Era marginal - Jovem é tirado de casa por indivíduos desconhecidos e é encontrado morto na morgue de Cacuaco
Moisés Ateua André, de 24 anos de idade, que residia no bairro da Pedreira, Distrito Urbano dos Mulenvos de Baixo, município de Cacuaco, foi levado de casa, por indivíduos desconhecidos e foi encontrado morto no dia seguinte, na morgue do Hospital de Cacuaco.
Por: Cambuta Vieira.
O facto sucedeu na manhã do dia 19 de Março, às 05 horas da manhã, quando dois indivíduos, trajados a preto, munidos de pistolas, bateram a porta chamando pelo seu nome. Este saiu para ver quem eram, e foi surpreendido pela dupla que o levou sem dar nenhuma explicação.
Celita Ngueve Ateua, mãe do malogrado, disse que o seu filho saiu de roupa interior para ver quem eram, mas os senhores o surpreenderam com algemas, não permitindo que pusesse roupa. "Um deles disse ao meu marido para seguí-los; o caso é no Capalanga, nós nos dirigimos para lá, mas não encontramos", lembrou.

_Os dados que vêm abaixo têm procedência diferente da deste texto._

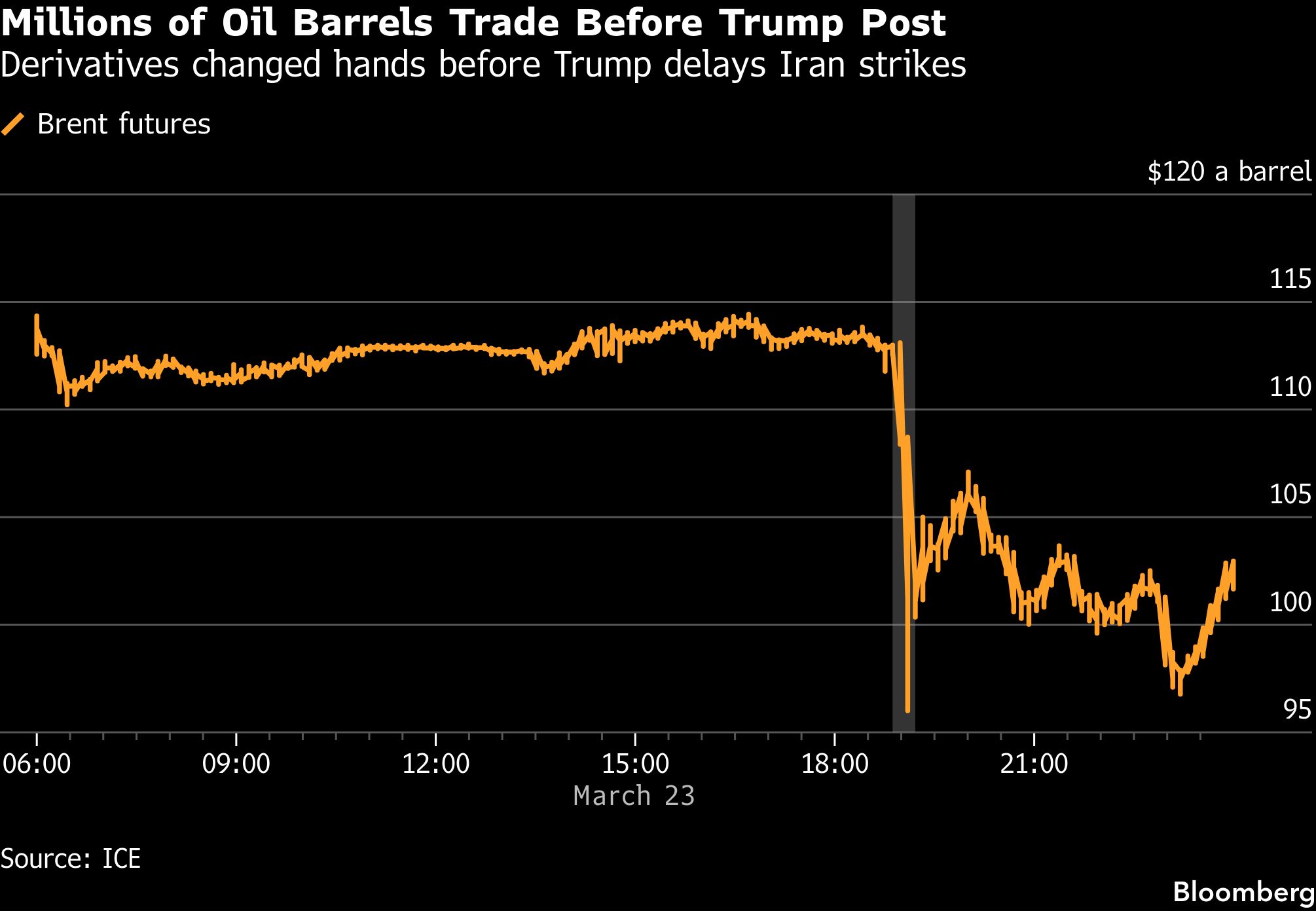 Kontrak berjangka yang sesuai dengan setidaknya 6 juta barel Brent dan West Texas Intermediate (WTI) terjual dalam dua menit mulai pukul 6:49 pagi di Washington pada Senin (23/3/2026) waktu setempat, menurut data bursa yang dikumpulkan oleh Bloomberg.

"No dia seguinte, depois de tanta procura, fomos à morgue do Hospital Municipal de Cacuaco e encontramos o corpo do meu filho com sinal de um tiro na testa", narrou.
Entretanto, confessou que o seu filho não tinha boa conduta, pois quando fizesse o uso de estupefacientes roubava e assaltava pessoas na via pública, mais precisamente na vala da Pedreira, apesar de, nos últimos dias, ter tentado afastar-se "dessa vida".

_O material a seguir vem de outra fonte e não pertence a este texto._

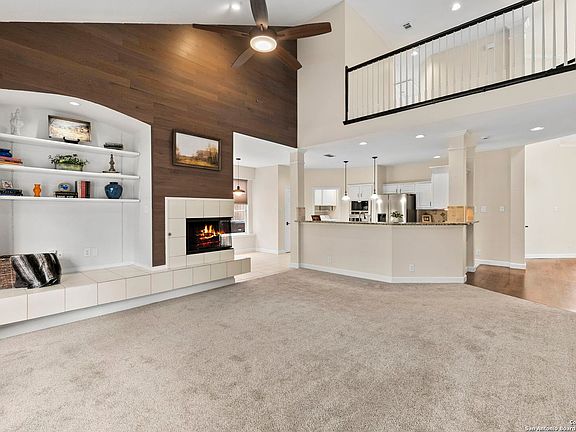 FABULOUS 2-story, 4-bedroom home with a 3-car garage & a sparkling inground pool, ideally situated on a corner cul-de-sac in the desirable Hart Ranch community! This open-concept layout offers high ceilings, two living areas, crown molding, art niches, a walk-in pantry, & large utility room. The spacious downstairs primary suite features a bay window overlooking the pool and a beautiful updated ensuite bathroom with walk-in oversized shower. The gourmet kitchen opens to the family room centered around the cozy fireplace for chilly winter nights. The open floor plan & relaxing backyard is an entertainer's dream with it's beautiful pool, extended deck, & plenty of space for BBQs & gatherings surrounded by mature trees for extra privacy. Worry-free & move-in ready featuring significant recent improvements: newly installed downdraft cooktop, oven/microwave, updated attic insulation, downstairs carpet, laminate flooring, newly installed fence, deck & railing, Kinetico water softener, whole-home tankless water heater, 2 newer HVAC units, replaced 220 electrical panel, & more! Easy access to IH-10, the Medical Center, La Cantera, The Rim, & major employers. Neighborhood amenities include a community pool, clubhouse, basketball court, & playground. This home is updated & ready to yours today!

Feliciana Mota António, viúva de Moisés, realçou que" o seu marido já estava a deixar "dessa vida e estava a comportar-se bem, como um bom pai de família", mas no dia em que foi levado, ela não estava em casa, mas haviam conversado, no sentido de tratar o Bilhete de Identidade para permitir arranjar emprego.
Moradores confirmam que o malogrado era considerado "altamente perigoso" no bairro da Pedreira. "Ele já foi apanhado várias vezes a roubar, sendo que uma vez, ao tentar roubar, foi atingido por duas balas que, até à data da sua morte nunca foram retiradas do corpo.
A equipa deste jornal contactou o responsável do Serviço de Investigação Criminal de Cacuaco, e sem gravar a entrevista disse que, a nível do comando, não recebeu nenhuma informação a respeito, tendo aconselhado a família enlutada para que se dirigisse ao piquete, para o devido tratamento e acompanhamento.